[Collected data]
********
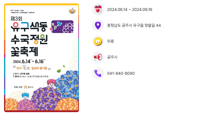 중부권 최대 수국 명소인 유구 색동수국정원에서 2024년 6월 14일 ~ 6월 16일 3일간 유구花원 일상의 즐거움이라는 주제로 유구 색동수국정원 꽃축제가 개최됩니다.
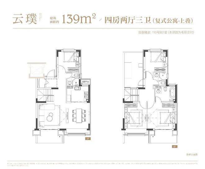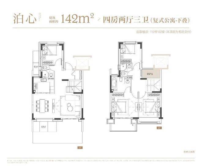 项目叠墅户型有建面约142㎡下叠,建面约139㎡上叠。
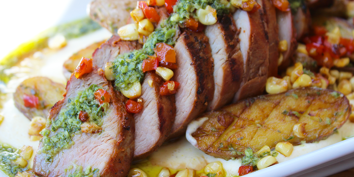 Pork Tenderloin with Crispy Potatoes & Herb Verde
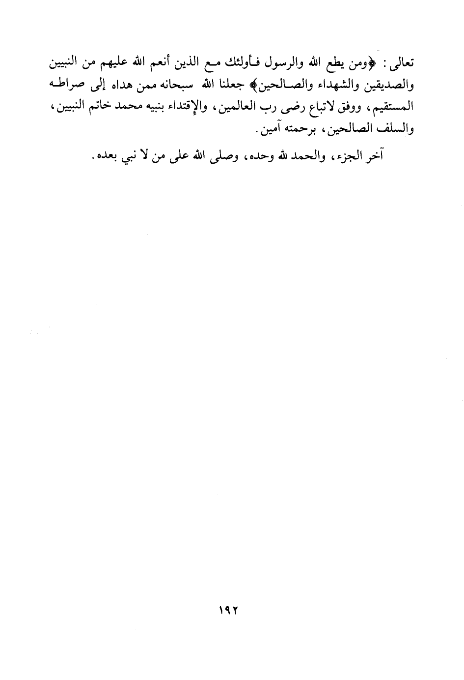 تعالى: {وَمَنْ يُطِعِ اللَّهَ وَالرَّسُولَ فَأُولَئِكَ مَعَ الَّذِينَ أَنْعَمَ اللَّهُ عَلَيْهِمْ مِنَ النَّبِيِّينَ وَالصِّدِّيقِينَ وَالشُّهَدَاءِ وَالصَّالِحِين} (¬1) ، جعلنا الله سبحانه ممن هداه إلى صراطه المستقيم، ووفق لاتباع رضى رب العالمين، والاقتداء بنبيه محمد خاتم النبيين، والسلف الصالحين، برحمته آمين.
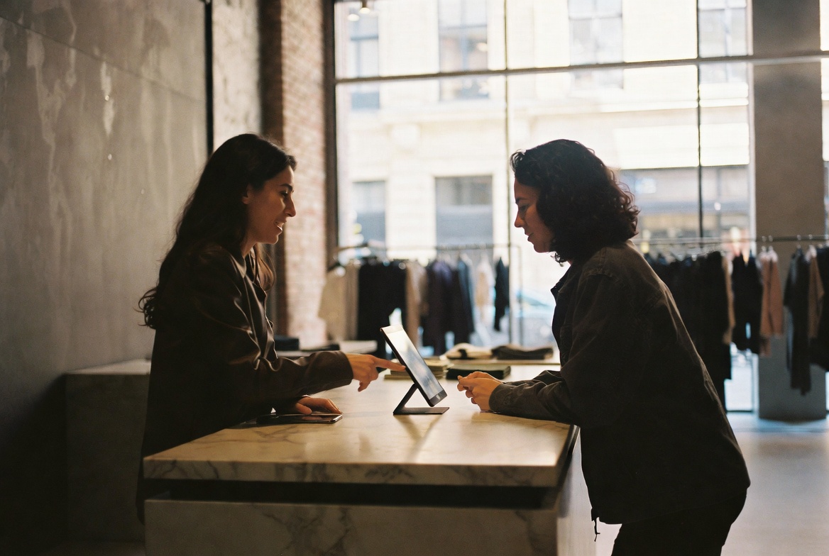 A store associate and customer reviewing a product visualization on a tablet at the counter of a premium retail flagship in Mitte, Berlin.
********
Work to be completed:
Your output should consist solely of the lines from the line containing "Pork Tenderloin with" through the end of the data above, copied exactly, with images removed.

Result of the exercise:
 Pork Tenderloin with Crispy Potatoes & Herb Verde
 تعالى: {وَمَنْ يُطِعِ اللَّهَ وَالرَّسُولَ فَأُولَئِكَ مَعَ الَّذِينَ أَنْعَمَ اللَّهُ عَلَيْهِمْ مِنَ النَّبِيِّينَ وَالصِّدِّيقِينَ وَالشُّهَدَاءِ وَالصَّالِحِين} (¬1) ، جعلنا الله سبحانه ممن هداه إلى صراطه المستقيم، ووفق لاتباع رضى رب العالمين، والاقتداء بنبيه محمد خاتم النبيين، والسلف الصالحين، برحمته آمين.
 A store associate and customer reviewing a product visualization on a tablet at the counter of a premium retail flagship in Mitte, Berlin.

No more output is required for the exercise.